Good point. Some quality will be lost in the A->D encoding. Some is lost in the D->A conversion when going to component. Although some are claiming they can't tell the difference between HDMI and Component.

While NOT abosolutely perfect... it is still better quality then before.

TGC


----------



## TexasGrillChef (Sep 15, 2006)

toy4two said:


> there is also one more option, if TWC wont play nice and the govt won't change the law, then you can apply a hack to your TIVO HD via prom mod and bypass every flag TWC can throw at you


Nice but voids any warranty.

TGC


----------



## m_jonis (Jan 3, 2002)

Although one of the articles mentioned that Tivo *may* (I'll believe it when I see it) allow you to MOVE (not copy) and supposedly THAT is allowed by the CableLabs DFAST licensing agreement?

But I've not seen anything here about Tivo even mentioning/contemplating this.


----------



## TexasGrillChef (Sep 15, 2006)

m_jonis said:


> Although one of the articles mentioned that Tivo *may* (I'll believe it when I see it) allow you to MOVE (not copy) and supposedly THAT is allowed by the CableLabs DFAST licensing agreement?
> 
> But I've not seen anything here about Tivo even mentioning/contemplating this.

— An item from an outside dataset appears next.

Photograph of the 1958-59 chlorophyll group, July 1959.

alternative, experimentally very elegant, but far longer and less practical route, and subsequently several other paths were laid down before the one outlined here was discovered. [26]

I have heard rumors of this. I haven't heard anything yet on the legality of it, and the viewpoint of TiVo as well.

TGC


----------



## sinanju (Jan 3, 2005)

TexasGrillChef said:


> I have heard rumors of this. I haven't heard anything yet on the legality of it, and the viewpoint of TiVo as well.
> 
> TGC


That would explain why it took so long to get TTG and MVR for the S3. TiVo might have been trying to get "move" rather than "copy" approved and decided to just cut their losses. I was sure the problem was the ease with which DSD and the like unwrapped recordings. I was completely surprised DSD continued to work with S3 transfers.


----------



## ldudek (Sep 2, 2007)

sinanju said:


> That would explain why it took so long to get TTG and MVR for the S3. TiVo might have been trying to get "move" rather than "copy" approved and decided to just cut their losses. I was sure the problem was the ease with which DSD and the like unwrapped recordings. I was completely surprised DSD continued to work with S3 transfers.

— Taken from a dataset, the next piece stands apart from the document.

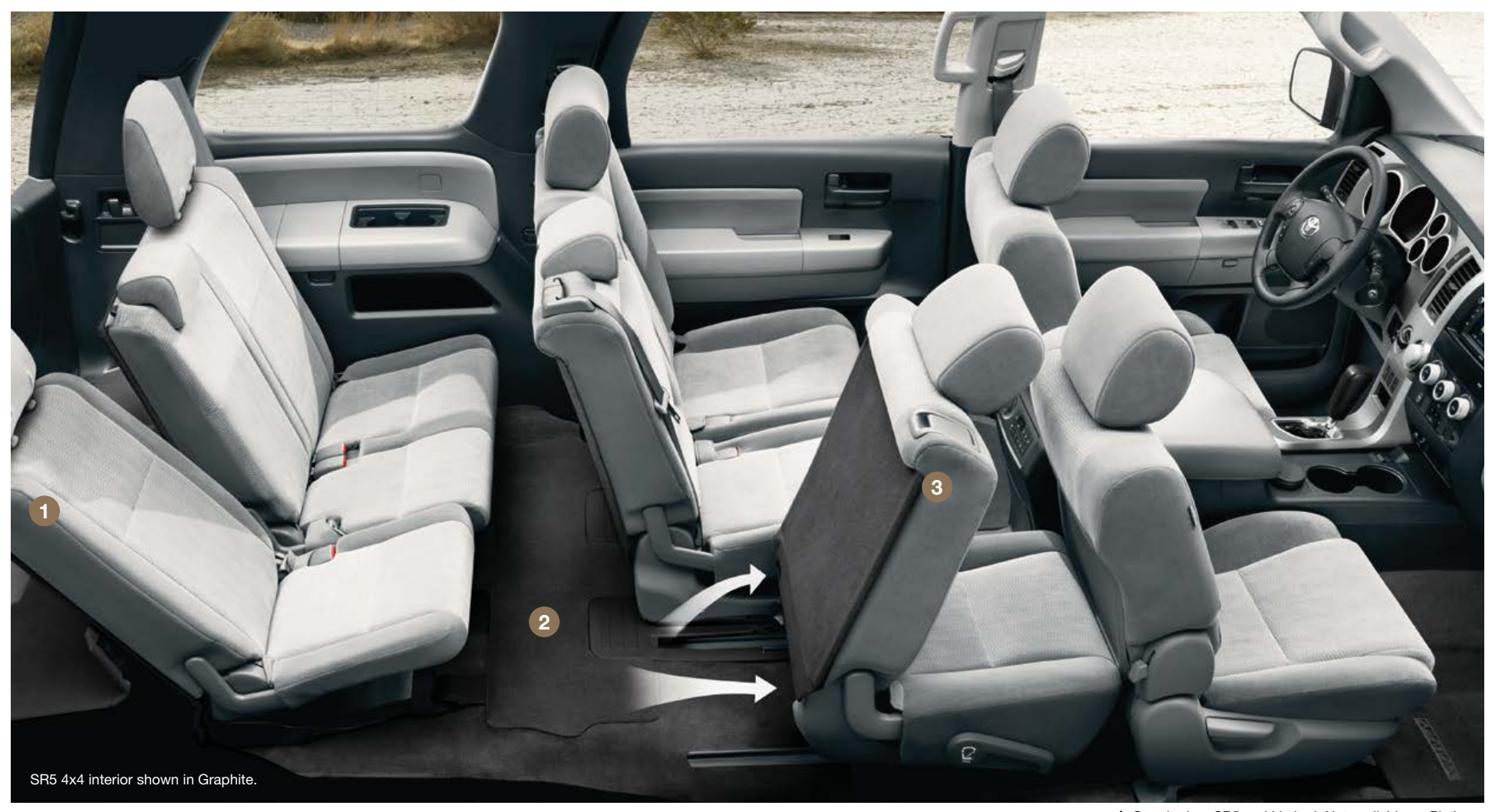
1. Standard on SR5 and Limited. Not available on Platinum.

With spacious seating for eight,<sup>1</sup> Sequoia has room for the whole family and then some. And what could be better? After all, adventures are best shared.

Maybe I'll need to ask this question on another thread but does the S2 stream or copy recordings? I've only had D*Tivo prior and MRV,TTG wasn't allowed.


----------



## sinanju (Jan 3, 2005)

ldudek said:


> Maybe I'll need to ask this question on another thread but does the S2 stream or copy recordings? I've only had D*Tivo prior and MRV,TTG wasn't allowed.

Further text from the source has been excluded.